An out-of-state woman received a phone call from two debt collectors telling her that she owed a total of approximately $2,400 for some payday loans that she took out when times were tough. The problem was that she knew she had paid the loans back. However, like many Florida residents who receive harassing phone calls from creditors regarding their unsecured debt, she sent them money out of fear that they would follow through on their threats to file lawsuits against her.
The woman asked for confirmation that she owed the money. However, the people on the other end of the phone refused to provide it. In fact, she claims that they told her that she would only see the paperwork once a lawsuit was filed.
What this California woman did not know is that consumers have rights when it comes to debt collection. The Fair Debt Collection Practices Act (FDCPA) sets out rules that debt collectors must follow. This includes providing written proof of a debt to a consumer. Furthermore, a consumer can stop harassing phone calls by writing a letter to the creditor or collection agency asking them not to make contact by phone.

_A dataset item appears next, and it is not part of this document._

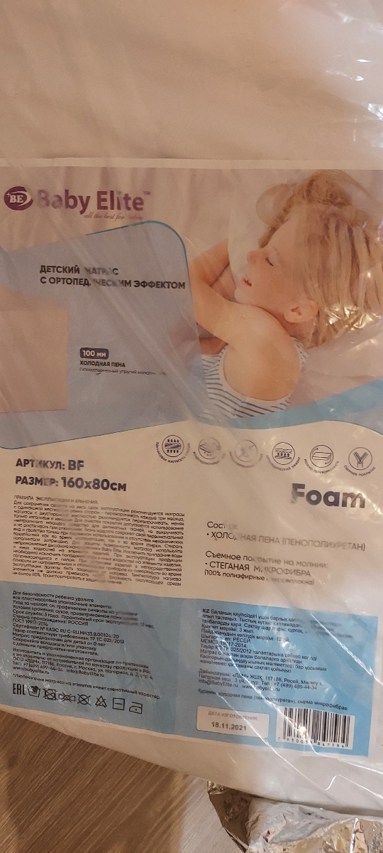 Матрас Baby Elite Foam, Беспружинный, 80х160 см

There are other rules that the FDCPA includes that protect consumers as well. Florida residents who are unable to pay their debts and make ends meet do not need the added stress of receiving creditors’ harassing phone calls, and people in that position may do well to consult a bankruptcy attorney. In addition to making sure that creditors follow the rules set out in the FDCPA, an attorney can provide information and advice on debt relief options, such as filing for bankruptcy, in order to deal with one’s secured and unsecured debt.